What is being asked: Reproduce only what runs from the line containing "Reparten 2400 canastas" to the line containing "Вночі проти вівторка, 28" in the records below, inclusive. Keep it exact, and keep the pictures out.

Source data:
----------

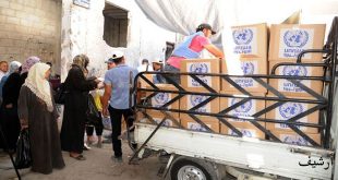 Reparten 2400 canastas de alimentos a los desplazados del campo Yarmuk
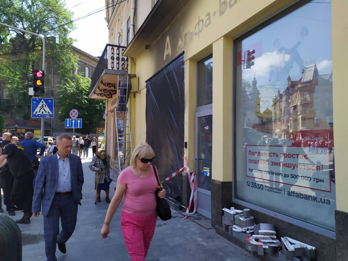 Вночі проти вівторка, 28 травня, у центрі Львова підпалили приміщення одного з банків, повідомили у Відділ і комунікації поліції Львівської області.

----------

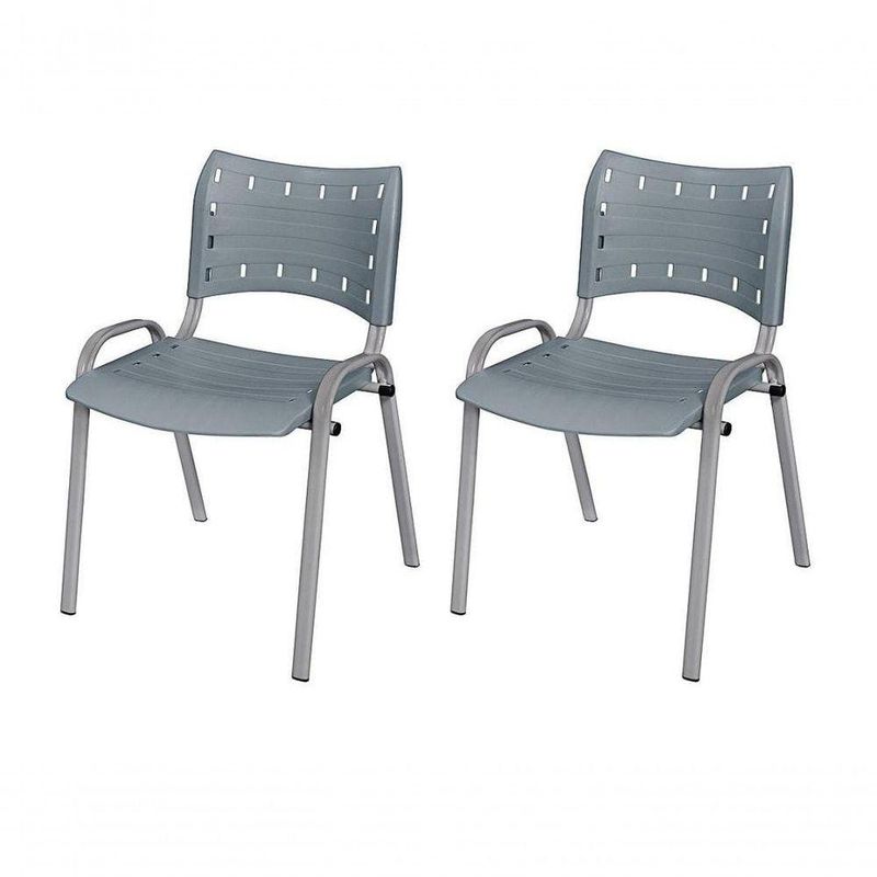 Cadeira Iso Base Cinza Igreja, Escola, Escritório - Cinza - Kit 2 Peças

----------

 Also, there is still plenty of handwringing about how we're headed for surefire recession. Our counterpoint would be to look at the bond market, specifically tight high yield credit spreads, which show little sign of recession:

----------

Solution to the exercise:
 Reparten 2400 canastas de alimentos a los desplazados del campo Yarmuk
 Вночі проти вівторка, 28 травня, у центрі Львова підпалили приміщення одного з банків, повідомили у Відділ і комунікації поліції Львівської області.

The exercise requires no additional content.